The need for Base64 arose from a fundamental problem in computing: many communication protocols and storage formats were designed to handle text, not arbitrary binary data. Email, for instance, was originally built to transmit 7-bit ASCII text. Attempting to send binary data like images, executables, or compressed files through these text-only channels would corrupt the data, because certain byte values have special meanings in text protocols (like null bytes, line-feed characters, or values above 127).

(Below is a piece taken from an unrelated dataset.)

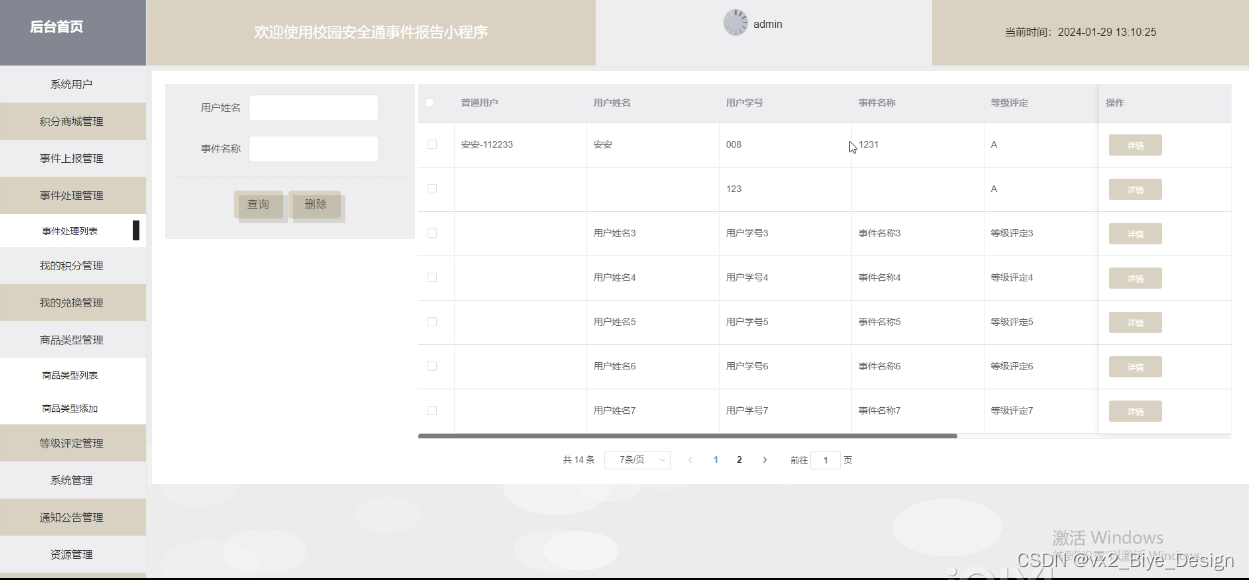 通过事件处理管理页面,您可以输入普通用户、用户姓名、用户学号、事件名称、等级评定等信息,并且可以根据您的需求进行调整,如图5-9所示。

Base64 solves this by transforming any sequence of bytes -- regardless of content -- into a string composed entirely of safe, printable characters. The encoded string can be transmitted through any text-based channel without risk of corruption or misinterpretation. At the receiving end, the Base64 string is decoded back into the original binary data, byte-for-byte identical to the input.
Base64 encoding is defined in RFC 4648, which specifies both the standard Base64 alphabet and the URL-safe variant (Base64URL). Earlier specifications include RFC 2045 (MIME) and RFC 3548, both of which RFC 4648 supersedes.
Today, Base64 is ubiquitous in web development, APIs, authentication protocols, and data interchange formats. Every developer encounters it regularly, whether in JWT tokens, data URIs, email attachments, HTTP headers, Kubernetes secrets, or PEM-encoded certificates.
Understanding the Base64 algorithm is straightforward once you grasp its core idea: convert every 3 bytes (24 bits) of input into 4 characters (6 bits each) of output. Here is the step-by-step process.
The standard Base64 alphabet maps each 6-bit value (0-63) to a specific character:
Value Char Value Char Value Char Value Char
0 A 16 Q 32 g 48 w
1 B 17 R 33 h 49 x
2 C 18 S 34 i 50 y
3 D 19 T 35 j 51 z
4 E 20 U 36 k 52 0
5 F 21 V 37 l 53 1
6 G 22 W 38 m 54 2
7 H 23 X 39 n 55 3
8 I 24 Y 40 o 56 4
9 J 25 Z 41 p 57 5
10 K 26 a 42 q 58 6
11 L 27 b 43 r 59 7
12 M 28 c 44 s 60 8
13 N 29 d 45 t 61 9
14 O 30 e 46 u 62 +
15 P 31 f 47 v 63 /
Let us walk through encoding the string Man (three ASCII characters: M=77, a=97, n=110):
Step 1: Convert to binary. Each character becomes its 8-bit binary representation:
M = 77 = 01001101
a = 97 = 01100001
n = 110 = 01101110
Step 2: Concatenate into a 24-bit stream.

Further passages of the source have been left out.